## UDP Traceroute Connectivity by Probe

This notebook uses _existing_ RIPE Atlas measurements to determine how many RIPE Atlas probes might have issues with UDP connectivity. The basic methodology is as follows:

- Examine measurement metadata to find UDP traceroutes from many probes, over time (currently measurements ending in 2015, or still ongoing).
- Take latency to target and target reachability information from each sample.

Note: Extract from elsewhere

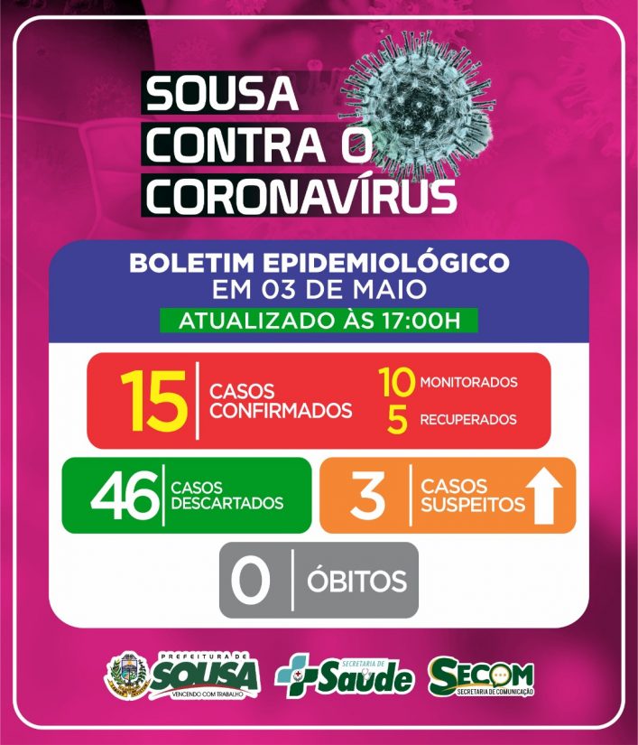 O Boletim Epidemiológico divulgado às 17h deste domingo (03) aponta que os casos confirmados permaneceram em 15, mas, houve um aumento no número de casos suspeitos. Neste sábado (02) era apenas um caso, mas agora são três.

For samples where the target is not reached but some hops did respond, take the latest hop.
- Group reachability information by probe, and classify probes by how confident we are UDP is broken on them.

This notebook searches the RIPE atlas measurement metadata archive (available from [ftp.ripe.net](ftp://ftp.ripe.net/atlas/measurements)) for UDP and TCP traceroute measurements, and uses the Atlas API to download measurements and cache them locally.

### Preamble

Set up the environment and define functions we'll use later.

In [1]:
# Some jupyter magic to set up the environment correctly
%load_ext autoreload
%autoreload 2
%matplotlib inline

# thanks for letting me know about your plans but i don't really care
import warnings
warnings.simplefilter(action = "ignore", category = FutureWarning)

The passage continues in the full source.